## Aim of the exercise:
Where an entry holds an image, skip the image but reproduce the rest word for word.

## Data extract:
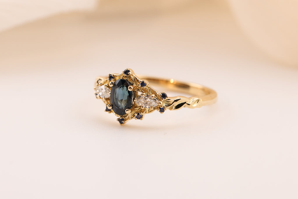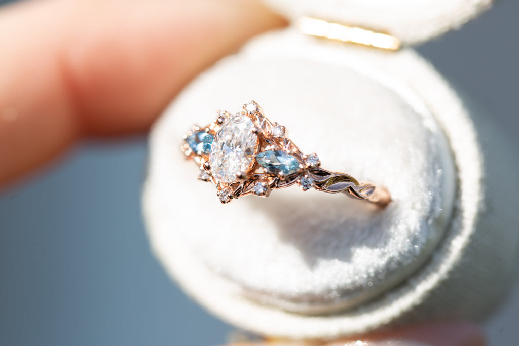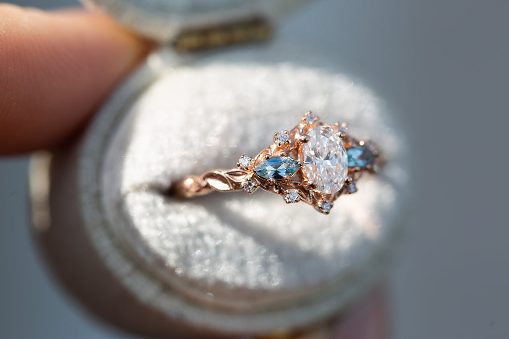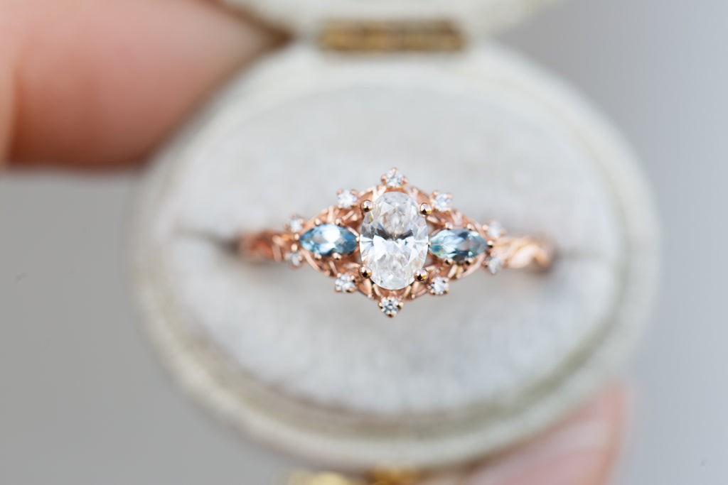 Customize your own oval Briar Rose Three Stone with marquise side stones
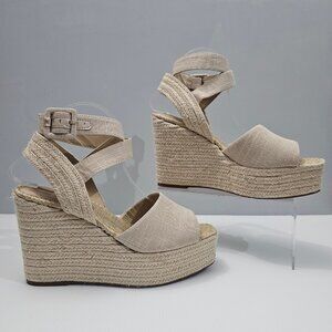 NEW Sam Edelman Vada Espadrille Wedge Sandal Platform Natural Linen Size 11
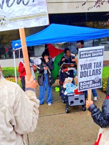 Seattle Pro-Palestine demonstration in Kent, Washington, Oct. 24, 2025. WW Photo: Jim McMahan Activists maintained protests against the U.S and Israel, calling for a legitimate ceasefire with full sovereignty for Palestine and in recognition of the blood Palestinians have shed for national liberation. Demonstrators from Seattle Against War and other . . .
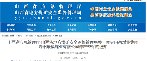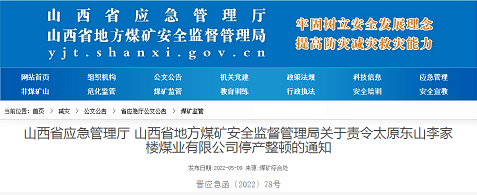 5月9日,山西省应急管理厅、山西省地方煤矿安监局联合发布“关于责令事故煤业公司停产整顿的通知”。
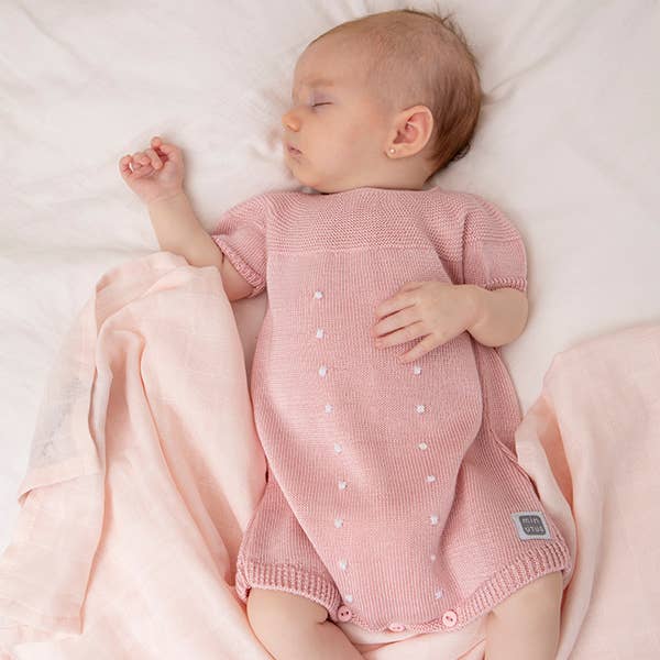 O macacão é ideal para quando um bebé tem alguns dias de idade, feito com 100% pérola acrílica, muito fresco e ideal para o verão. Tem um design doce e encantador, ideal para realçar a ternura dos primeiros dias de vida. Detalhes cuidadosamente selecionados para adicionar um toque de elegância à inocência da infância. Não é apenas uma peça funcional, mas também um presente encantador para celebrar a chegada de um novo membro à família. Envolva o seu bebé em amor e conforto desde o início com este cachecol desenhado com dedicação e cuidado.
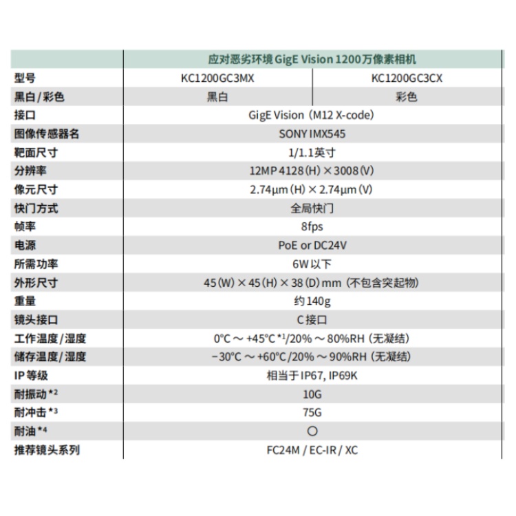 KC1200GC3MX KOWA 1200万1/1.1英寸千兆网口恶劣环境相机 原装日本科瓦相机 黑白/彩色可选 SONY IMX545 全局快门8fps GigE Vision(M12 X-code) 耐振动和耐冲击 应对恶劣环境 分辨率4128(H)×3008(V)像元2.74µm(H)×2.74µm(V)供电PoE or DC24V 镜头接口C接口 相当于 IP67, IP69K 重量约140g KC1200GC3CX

## Exercise result:
 Customize your own oval Briar Rose Three Stone with marquise side stones
 NEW Sam Edelman Vada Espadrille Wedge Sandal Platform Natural Linen Size 11
 Seattle Pro-Palestine demonstration in Kent, Washington, Oct. 24, 2025. WW Photo: Jim McMahan Activists maintained protests against the U.S and Israel, calling for a legitimate ceasefire with full sovereignty for Palestine and in recognition of the blood Palestinians have shed for national liberation. Demonstrators from Seattle Against War and other . . .
 5月9日,山西省应急管理厅、山西省地方煤矿安监局联合发布“关于责令事故煤业公司停产整顿的通知”。
 O macacão é ideal para quando um bebé tem alguns dias de idade, feito com 100% pérola acrílica, muito fresco e ideal para o verão. Tem um design doce e encantador, ideal para realçar a ternura dos primeiros dias de vida. Detalhes cuidadosamente selecionados para adicionar um toque de elegância à inocência da infância. Não é apenas uma peça funcional, mas também um presente encantador para celebrar a chegada de um novo membro à família. Envolva o seu bebé em amor e conforto desde o início com este cachecol desenhado com dedicação e cuidado.
 KC1200GC3MX KOWA 1200万1/1.1英寸千兆网口恶劣环境相机 原装日本科瓦相机 黑白/彩色可选 SONY IMX545 全局快门8fps GigE Vision(M12 X-code) 耐振动和耐冲击 应对恶劣环境 分辨率4128(H)×3008(V)像元2.74µm(H)×2.74µm(V)供电PoE or DC24V 镜头接口C接口 相当于 IP67, IP69K 重量约140g KC1200GC3CX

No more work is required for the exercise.